Won't that cause him a lot of stress? He is DEATH AFRAID of strangers . I kid you not. He only knows me and my mom. Anyone else and he flys around for the safest spot he can find. To the point of hitting things and causing himself injury. He is that scared you should see him. I have noticed that his beak does grow and it sometimes breaks off after some length. I just realized that this time it has grown much longer than usual.... So then it must have happened when he was trying to pick his seeds. Is there anyway to keep the beak from over growing? I read a website and it mentioned some stone things you can pu on the cage so the bird can rub his beak to keep it smaller?


----------



## almondman (Aug 22, 2009)

If the beak continues to grow, it can affect the birds ability to eat. And it could possibly starve without you stepping in to help. You should have a vet check it, snip it, and determine what you can do to stunt the growth. If it's not taken care of, it could crack further back towards the skull, which definitely will stress the bird. It's better to stress it a little at the vets, than let it stress longer with the beak problem.


----------



## Charis (Feb 11, 2007)

FlyingPigeon...I do agree that you need to buck up and take the pigeon to a vet. My pigeons don't like going either and some even get car sick but this is the kind of situation where your pigeon needs evaluation and treatment.I'm happy to help you find a vet if you tell us the city where you live.
Several years ago, one of my hand raised pigeons, Sammy, was attacked by my little parrot. The parrot pecked off half of his upper beak, causing a bleed. The poor bird would his head and blood splattered everywhere. It was very frightening and I would have lost him had I not taken him to emergency. On my own, I was unable to hold him and get the bleeding to stop. The problem with a cracked beak is that it can break further up and cause a bleed. I would hate for that to happen to your sweet pigeon. I can tell he means a lot to you and you really love him.
I also want to mention, that I don't think the food you are feeding him is adequate to meet his nutritional needs. It would be better to buy a seed mix that has been formulated just for pigeons and has the correct protein level. Yes...he does need red grit and calcium and vitamin d3. He would also do well with some leafy greens and minced carrots too.


----------



## ETphonehome (Jan 3, 2012)

Birds Beaks are made of the same material than human nails, keratin, There are many reasons for beak cracks in birds, one of them is deficiency of some nutrients, another very common is impacts of the beak with hard surfaces, in both cases many people are not aware not guilty they do the best for their birds, but unfortunately nutrition for an indoor pigeon must be always reinforced and food intake monitored to assure the bird is eating/drinking enough.

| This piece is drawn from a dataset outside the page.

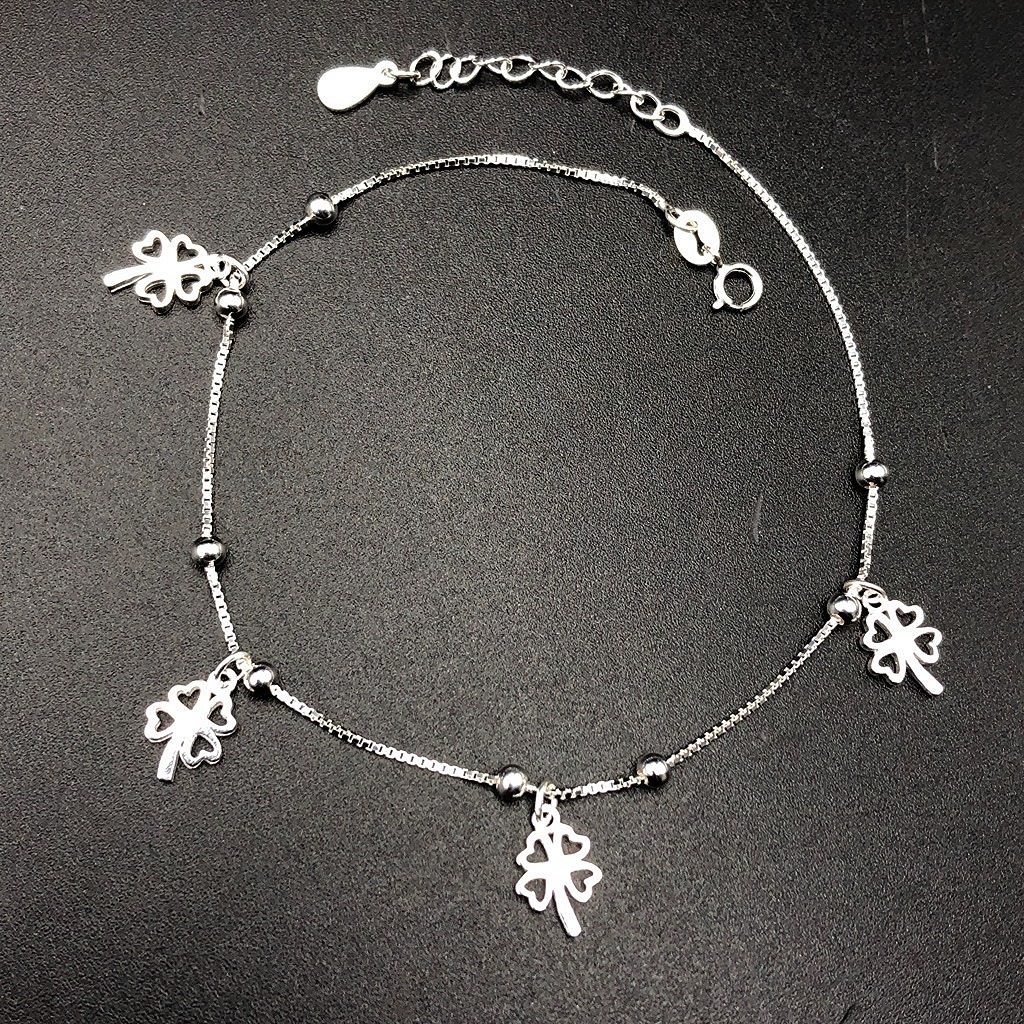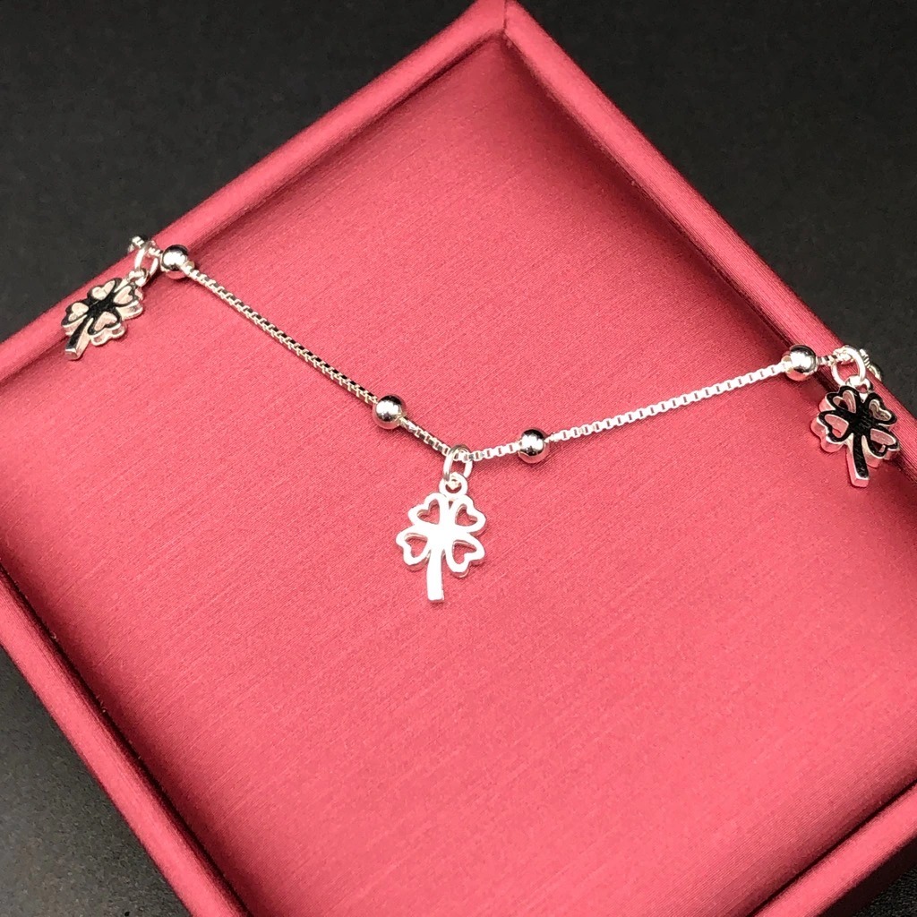 ✨Lắc Chân Nữ Cỏ 4 Lá May Mắn Bạc Hiểu Minh LC188

Unfortunately Sunlight through the windows have no effect to help birds to synthesize vitamines like vitamine D. You may decide on your own if you take your pet to a vet or not, but the overwhelming majority of them are complete ignorants about birds all they know is about cats and dogs, and if they are avian vets they are complete ignorants about pigeon illnesses, pigeons are not protected by law nor seen as pets, but rather as a pest or an easy way to make money with no responsibility at all. 

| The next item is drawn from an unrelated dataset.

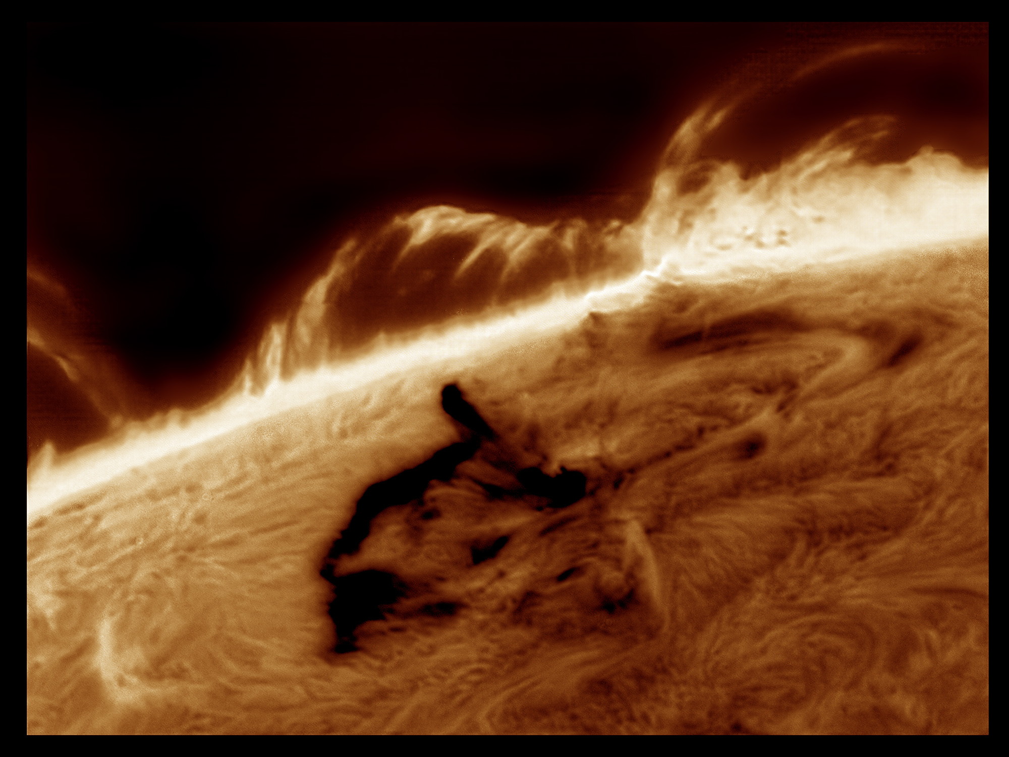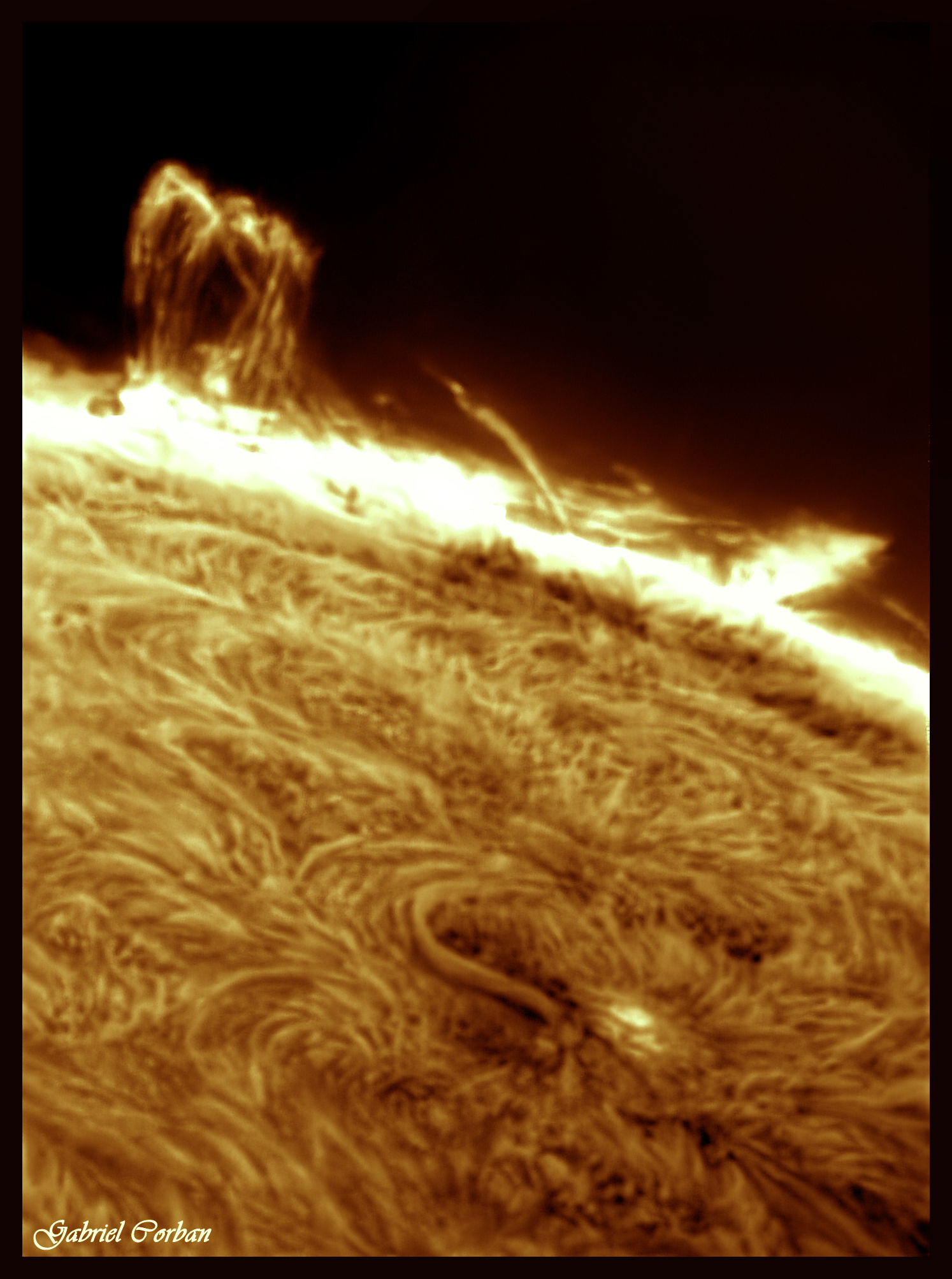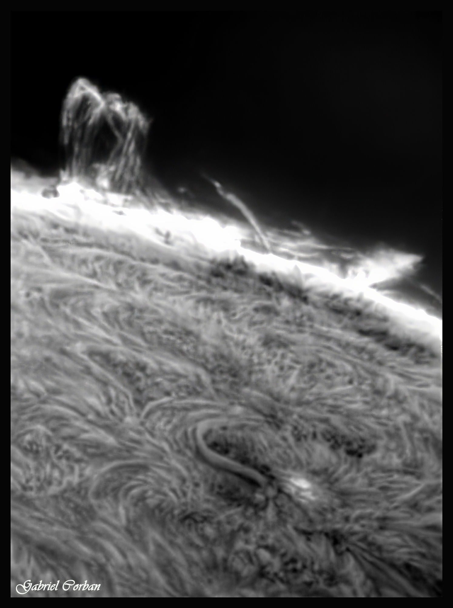 Am prelucrat in graba (pana mâine când voi avea mai mult timp), dintr-un singur cadru, imaginea cu protuberanta de azi aflata pe limbul estic.

Avian vets know nothing about prevention, nutrition, and many other aspects of pigeons well/being or illnesses, internet if full of horror stories of people who have lost their pets in a very dehumanized way in the hands of veterinarians. 

Most vets use a noisy electrical drill to trim birds beaks, which is fast, but traumatizing and terrifying experience for a bird, sometimes birds are send home bleeding and in pain without any pain medicines.

To trim a beak the best option is to do it at home in the same environment where the bird lives and in stages not at once. Look the video, file just a little bit every day until you get the best results, you can wrap the pigeon in a towel (not to tight) the way he/she stays quiet for a few seconds and do it this way every day. 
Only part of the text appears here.